The benefits of transparent and ethical AI aren't just a moral issue though, they should go some way to building public trust in algorithms in the future.
"The ability to understand how AI makes decisions builds trust and enables effective human oversight," Yinyin Liu, head of data science for Intel AI Products Group said as part of the Accenture report.
"For developers and customers deploying AI, algorithm transparency and accountability, as well as having AI systems signal that they are not human, will go a long way toward developing the trust needed for widespread adoption."
Black box algorithms
These tools could also prove useful in breaking open the black box of algorithm design.
In an extract from his book The Death of Gods, published in the Times Literary Supplement, Carl Miller writes: "Algorithms have changed, from Really Simple to Ridiculously Complicated. They are capable of accomplishing tasks and tackling problems that they've never been able to do before.
"They are able, really, to handle an unfathomably complex world better than a human can. But exactly because they can, the way they work has become unfathomable too."
In the book, an unnamed researcher from a large tech corporation tells Miller: "It's power without responsibility. There's so much power, and so little responsibility. This is not notional abstract power. This is real power about day-to-day lives. It's both material and cultural and financial. The world has to know that this is how it works."
The problem with algorithms today, the researcher explained to Miller, is that the exponential growth in data and compute power means we are now able to throw huge amounts of data at an algorithm to train it, however that means that as humans we are less able to define, after the fact, which inputs have actually helped the algorithm reach its conclusion - it's a black box.
"The reality is, professionally, I only look under the hood when it goes wrong. And it can be physically impossible to understand what has actually happened," the researcher concluded, ominously.
"The reality is that if the algorithm looks like it's doing the job that it's supposed to do, and people aren't complaining, then there isn't much incentive to really comb through all those instructions and those layers of abstracted code to work out what is happening."
Another researcher, Jure Leskovec, chief scientist at Pinterest and a machine learning professor at Stanford University, told Miller: "We need to step up and come up with the means to evaluate – vet – algorithms in unbiased ways.
"We need to be able to interpret and explain their decisions. We don't want an optimal algorithm. We want one simple enough that an expert can look at it and say nothing crazy is happening here.
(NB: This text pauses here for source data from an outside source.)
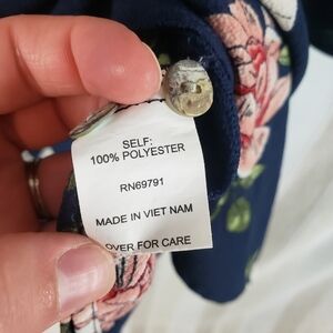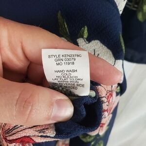 Excellent condition, rounded hem, cutouts at sides, navy blue with floral pattern.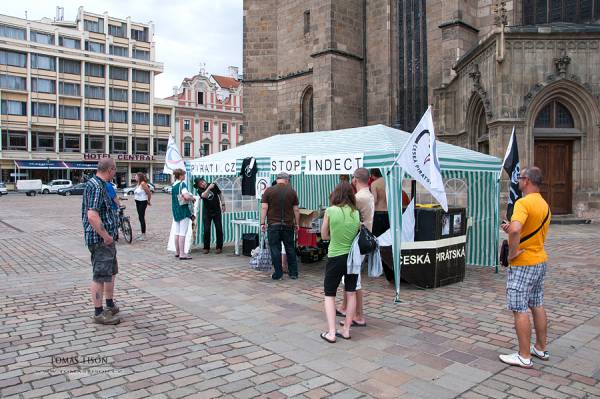 Projekt INDECT má být inteligentní, integrovaný a internacionální. Má získávat informace i z internetových diskuzí, jednoduše řečeno z hlediska autorů projektu je prostě IN! Výzkumný projekt řeší plošné sledování ve městech, sběr dat a jejich centrální zpracování, dozor pomocí robotických systémů a sledování veškeré činnosti na Internetu. V Plzni se dnes odpoledne sešlo několik desítek lidí na happeningu „STOP INDECT“. Akci uspořádali plzeňští Piráti.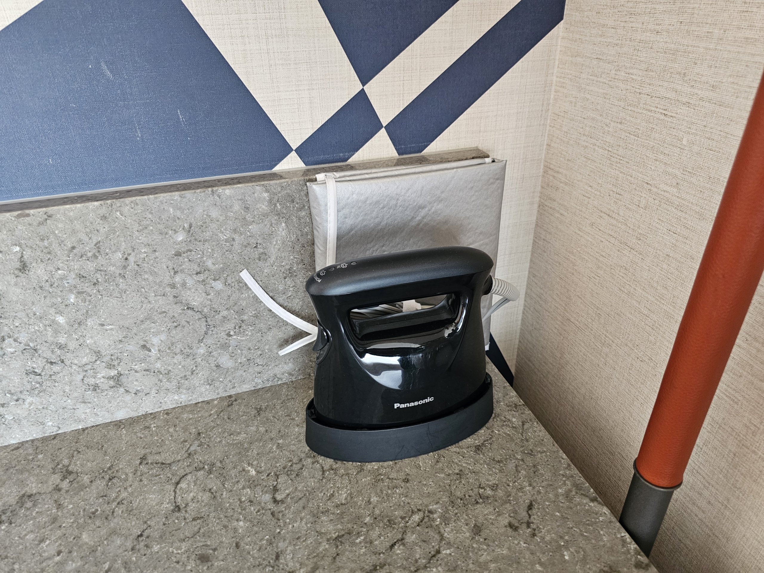 Prizele, inclusiv conectorii USB-A și USB-C sunt atât la marginea patului, cât și pe tejghea, împreună cu cafetiera. Singurul lucru care mă deranjează un pic este controlul climatizării situat doar la intrare și nu chiar lângă pat.
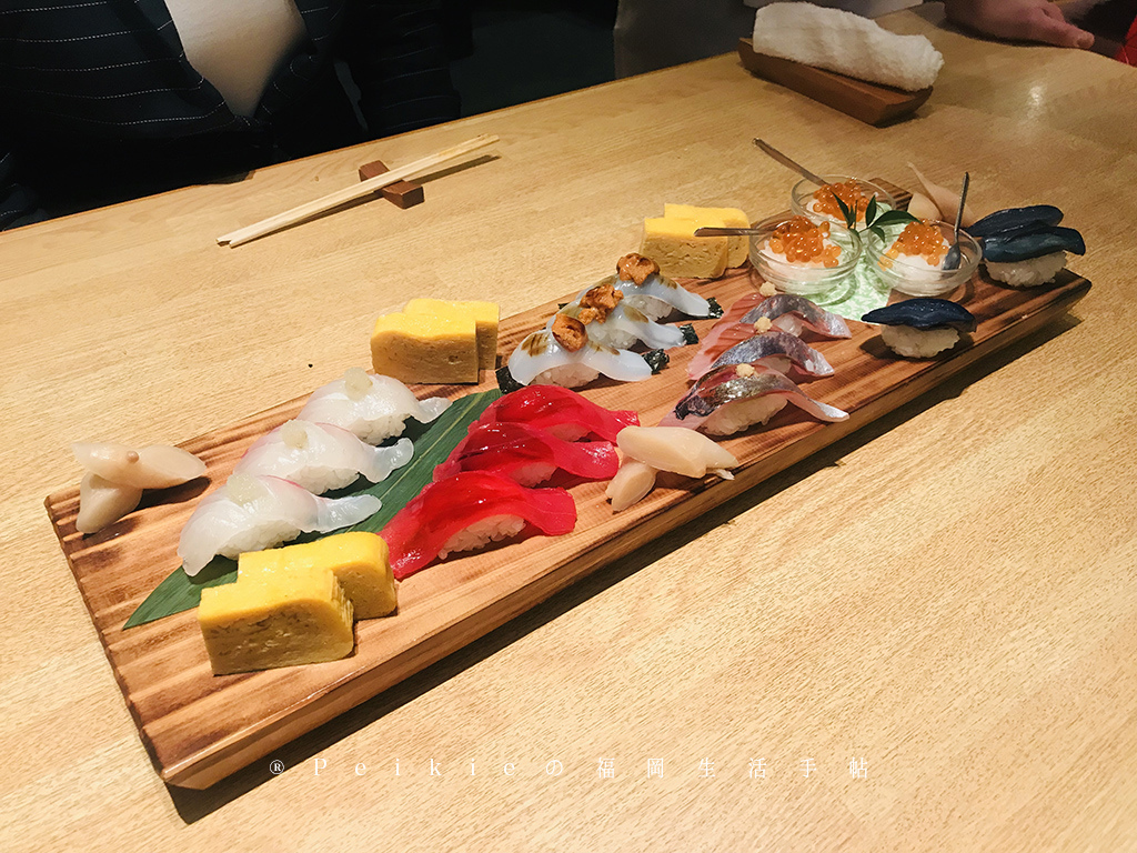 接著仍是不間斷的魚魚魚、壽司三人份送上桌來,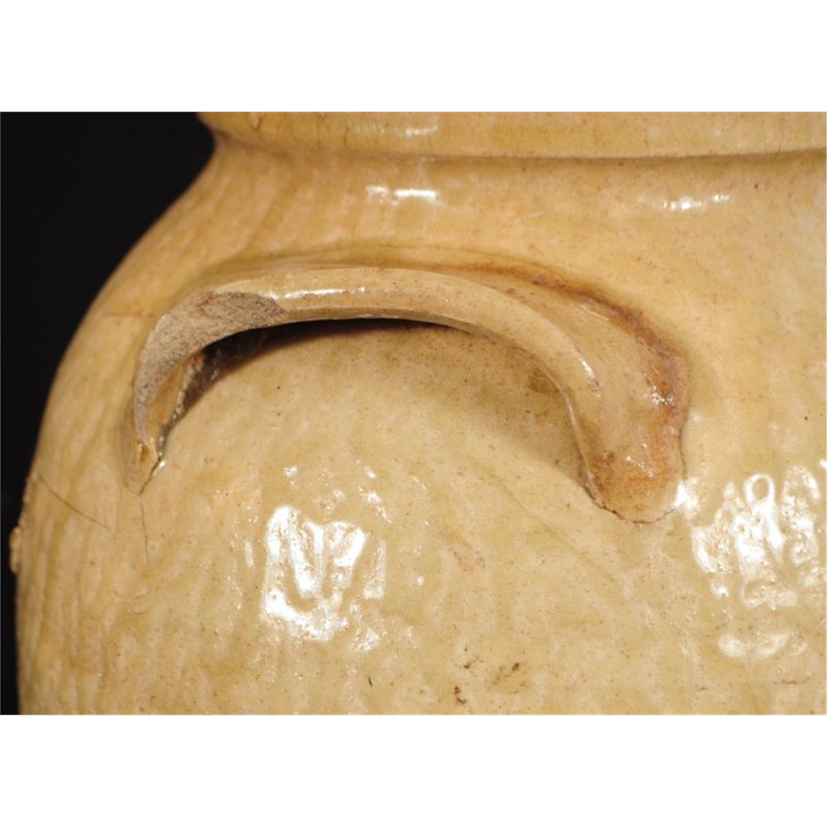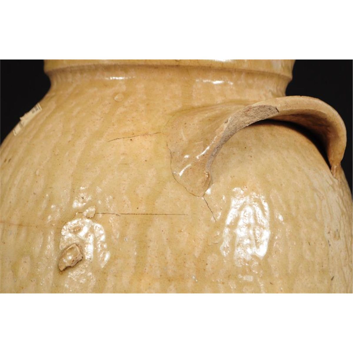 Attributed to John Leopard. Beautiful glaze and form. Minor rim chips. Ash glaze. 16". Ex-collection of Georgeanna Greer and Ex-collection of John Olson. See Page 31 of Texas Pottery/Star of the Republic Museum Circa 1860.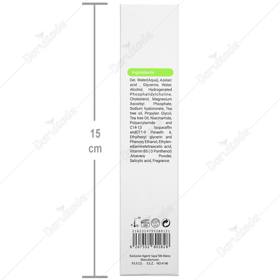 حاوی آزلائیک اسید، نیاسینامید، سالسیلیک اسید، گلیسیرین، روغن درخت چای، ویتامین B5، پودر آلوئه ورا

"I think we need to get serious about how do we get these things ready for societal deployment, for high-stakes decision environments? How do we debug these things to ensure some level of quality?"
It would seem that the big tech vendors are at least increasingly aware of the inherent risks their algorithms pose to society without proper oversight, and are taking measures to break them out of their black boxes. The real question is: will they like what they see?